* _MATERIAL SUPPLIED_
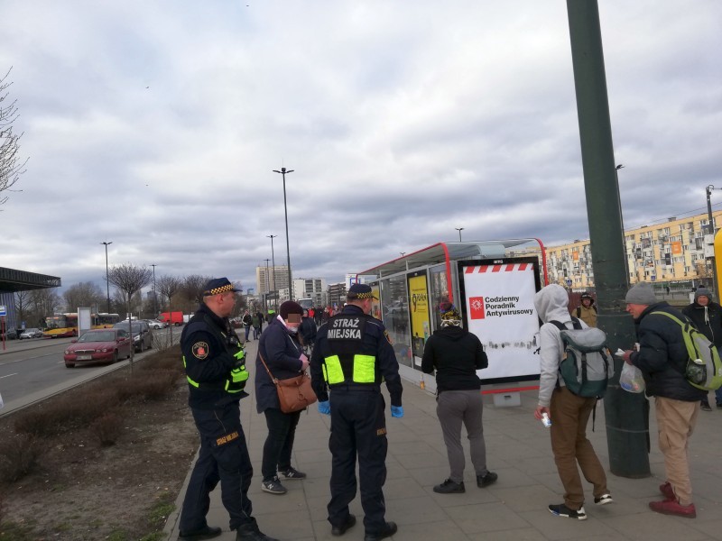 Kolejka, która tworzy się w okolicznościach pandemii, musi być monitorowana tak, aby osoby w niej stojące zachowywały miedzy sobą bezpieczną odległość. Nie wszyscy stojący w kolejce o tym pamiętają, dlatego obecność strażników, którzy pilnują porządku, jest niezbędna. Zadania funkcjonariuszy sprowadzają się w tym przypadku do obligowania stojących w kolejce osób do zachowania bezpiecznej odległości. Strażnicy informują jednocześnie o panującym zagrożeniu i konieczności dostosowania się do zasad bezpieczeństwa.
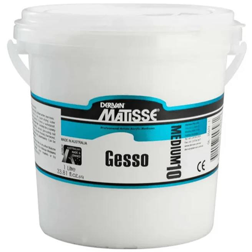 Derivan Matisse MM10 Gesso is a great permanent flexible primer for canvas, board or even paper. An intense white ground with an excellent tooth for easy paint manipulation. Matisse Gesso is a water-based product and can be thinned down with water. Use equal parts of water to Matisse Gesso when working on raw canvas/linen. If working on canvas, Matisse Gesso will tighten the canvas, making a firmer ground to paint on.
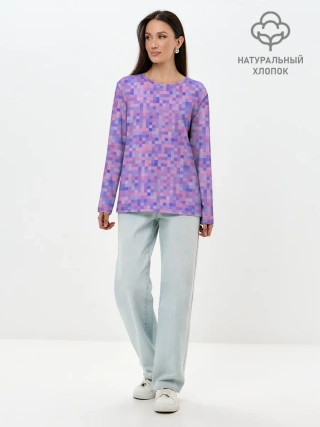 Лонгслив женский. Хлопок / Сиреневая пиксельная абстракция
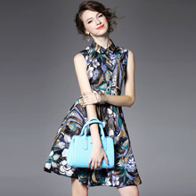 > 2015夏季新款 欧美大牌翻领无袖印花修身大摆a字裙纯麻连衣裙
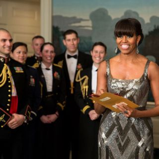 El actor Jack Nicholson dio la palabra a Michelle Obama, quien comenzó su intervención con un expresivo: "Bienvenidos a la Casa Blanca".
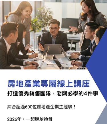 你將在這場分享中學到:1️⃣房地產業新人培訓2️⃣不看業績,也能理解團隊真實狀況的方法3️⃣讓業績不再只靠少數人的管理思維這場講座不教話術、不談技巧,而是從管理者角度,帶你看懂——能長期運作的銷售團隊,必須具備的四個關鍵判斷。
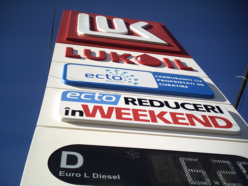 Simboluri elegante plasate in exteriorul cladirilor sau benzinariilor, afisand diferite reclame.
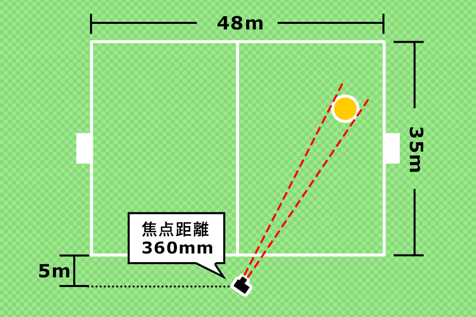 - 超望遠500mmまでの焦点距離をカバーすることができ、撮影場所からより遠くにいる選手も大きく写すことができます。
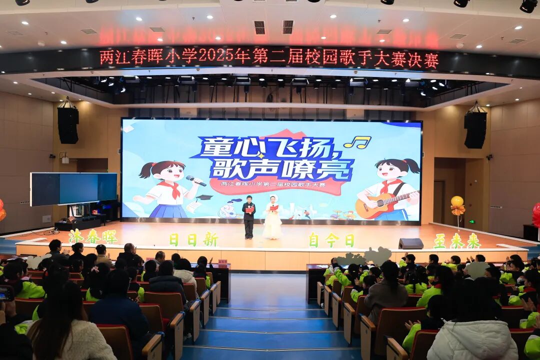 当旋律奏响校园,当歌声点亮童年,一场属于春晖学子的音乐盛宴如约而至!经过班级选拔、复赛比拼,重庆市两江春晖小学第二届校园歌手大赛决赛于12月18日圆满落幕。14位从复赛中脱颖而出的选手登上舞台,用清澈的嗓音、真挚的情感,唱响了童年最美的乐章。
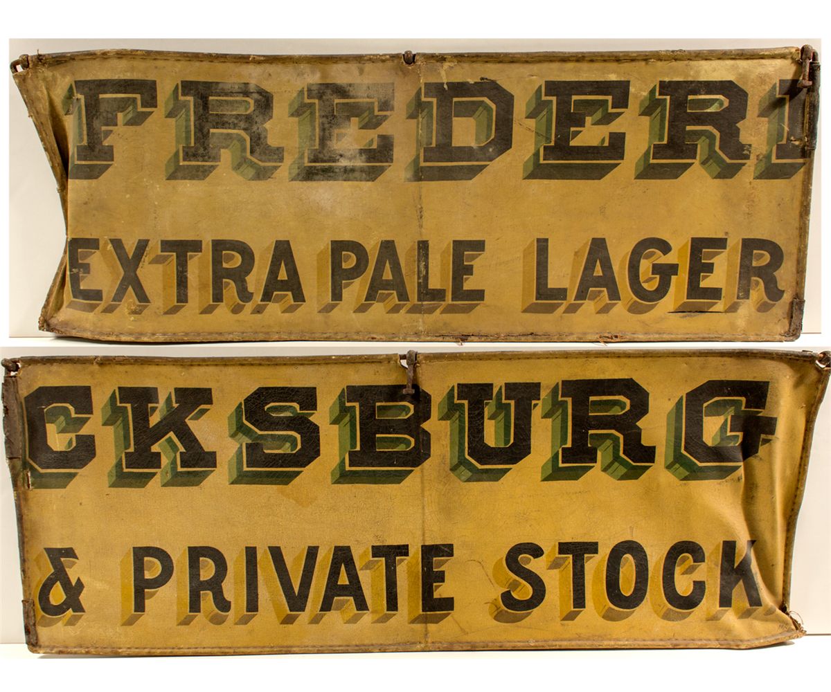 Super rare. Only two sets of these are known by Tom: one for Wieland and this one for Fredericksburg. Tom verified that these were beer wagon sides when he found an early photograph showing wagons with identical signs. Each side measures 60" x 22.5." Black lettering and yellow background: "Fredericksburg/ Extra Pale Lager & Private Stock."
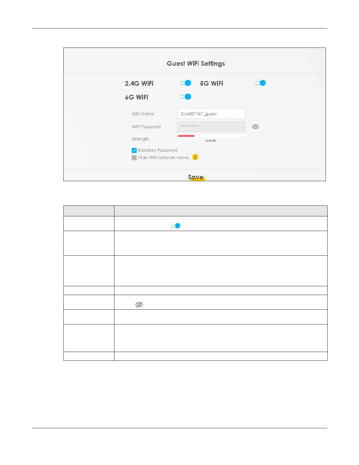 2.4G/5G/6G WiFi Click this switch to enable or disable the 2.4 GHz / 5 GHz / 6GHz WiFi networks. When the
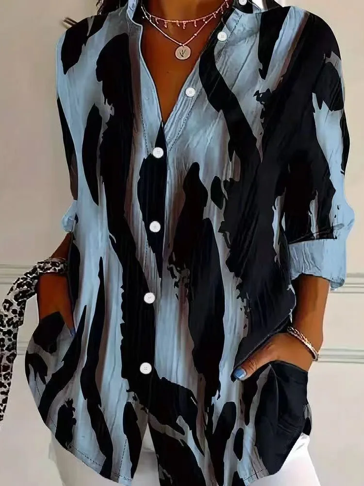 2026 Women's Apparel Casual V-Neck Long-Sleeve Pullover Regular Digital Print T-Shirt
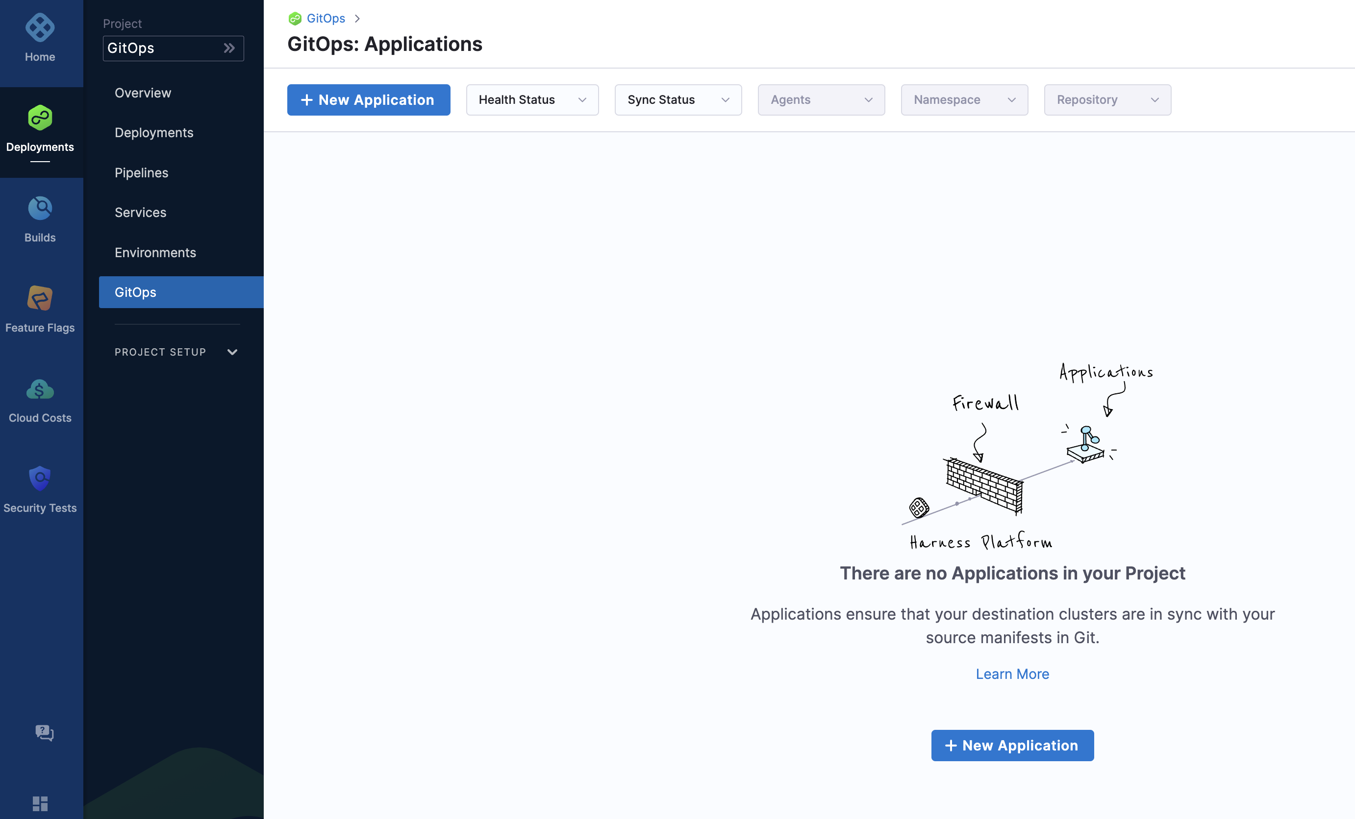 The Harness GitOps Overview, Applications, and Settings appear. If this is the first time GitOps has been set up in the Project, the Applications will be empty.
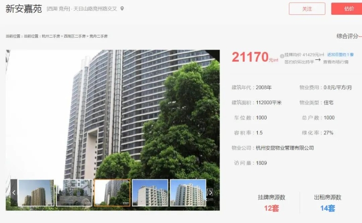 新安嘉苑是距离最近的选项,它就位于古墩路与天目山路交叉口,到西溪路517号直线距离980米,同属于西湖区古荡街道,建造于2008年,目前市场挂牌均价41429元/平方米。
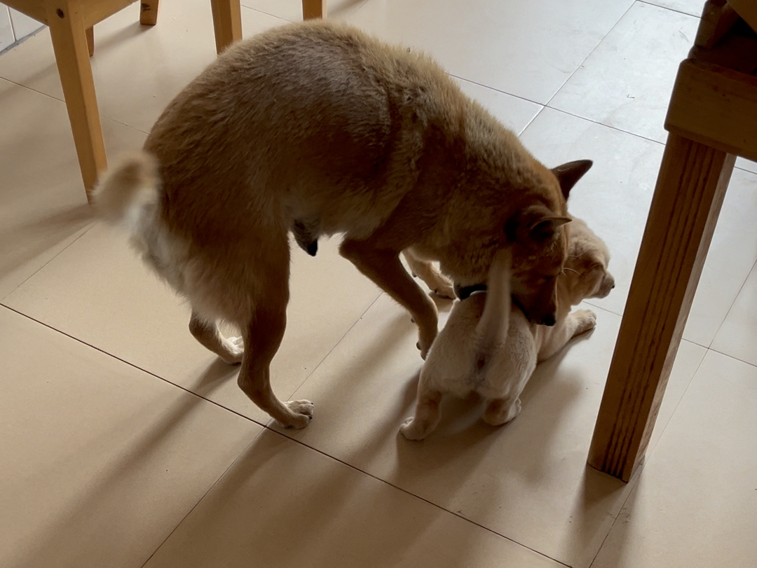小狗狗真好玩,玩哭了就赶紧还给它妈妈,它妈妈趴下给它喂奶,它就不叫了。
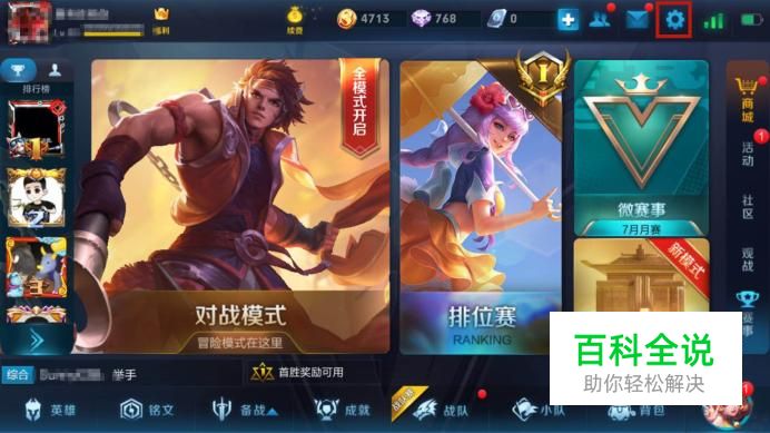 首先点击王者荣耀主界面上方的设置按钮,如下图所示。
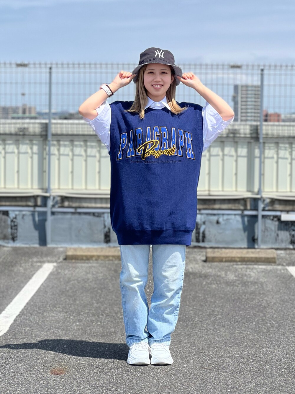 ベストにデニムパンツ合わせてみました☺️ 大きめのサイズ感でゆったり着れます😚
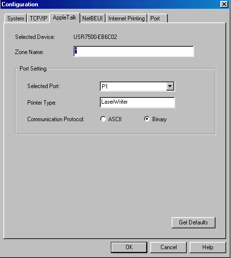 The next tab is AppleTalk, which is only applicable to Macintosh
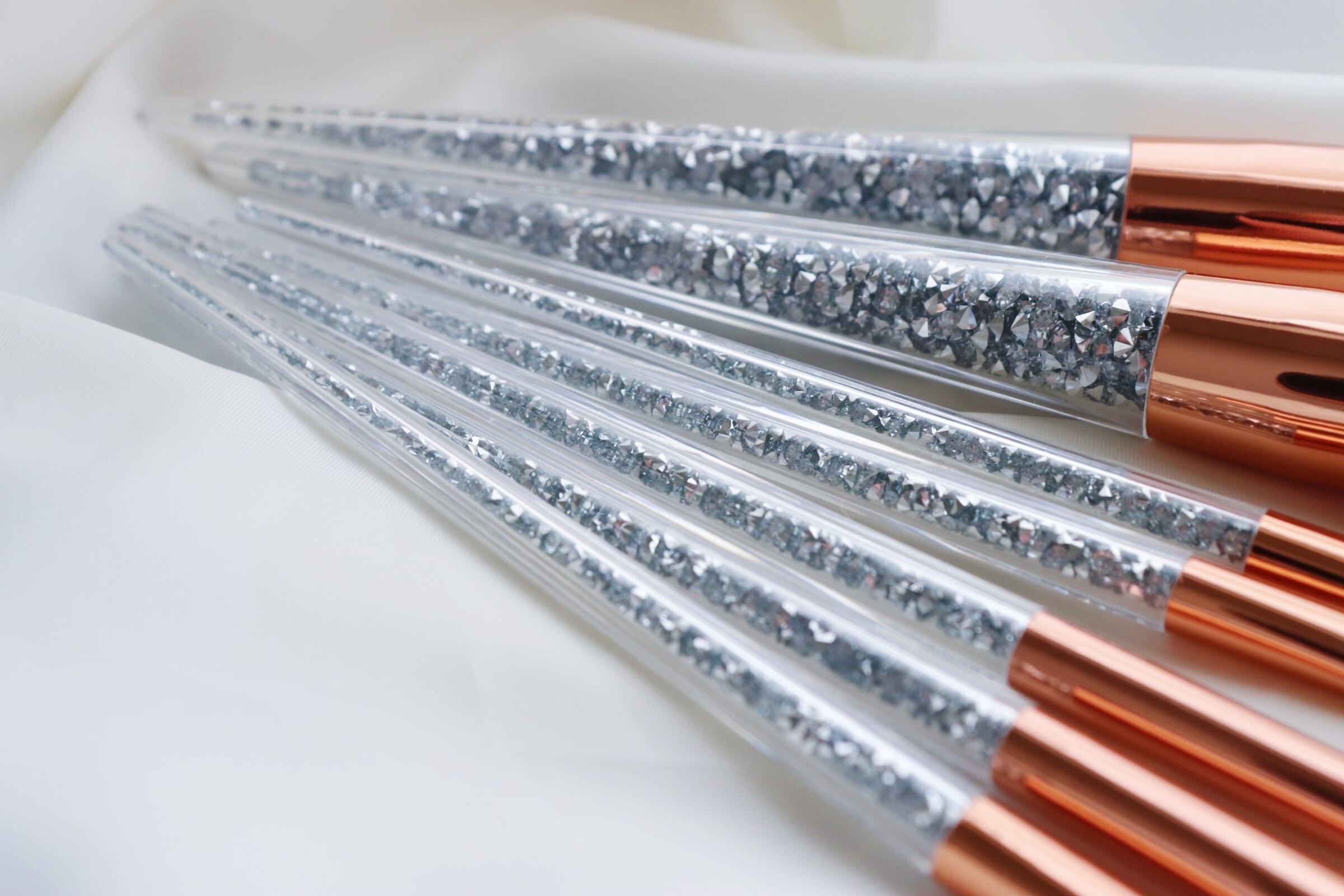 キラキラのグリッターが持ち手に贅沢に入っているメイクアップブラシセットになります。置いてるだけでキラキラするブラシはインテリアとしても優秀。
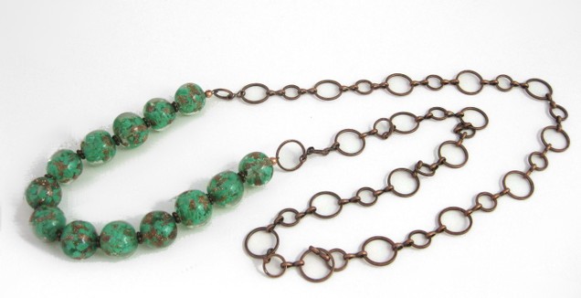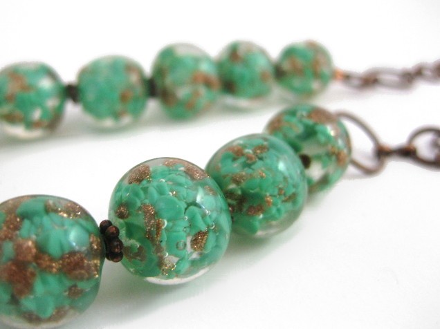 This necklace uses foil glass beads from a 1950s vintage necklace.

* _TASK GOAL_
Only the lines from the one with "ベストにデニムパンツ合わせてみました☺️ 大きめのサイズ感でゆったり着れます😚" through the last line above belong in the answer. Reproduce them exactly, without the pictures.

* _RESPONSE TO THE EXERCISE_
 ベストにデニムパンツ合わせてみました☺️ 大きめのサイズ感でゆったり着れます😚
 The next tab is AppleTalk, which is only applicable to Macintosh
 キラキラのグリッターが持ち手に贅沢に入っているメイクアップブラシセットになります。置いてるだけでキラキラするブラシはインテリアとしても優秀。
 This necklace uses foil glass beads from a 1950s vintage necklace.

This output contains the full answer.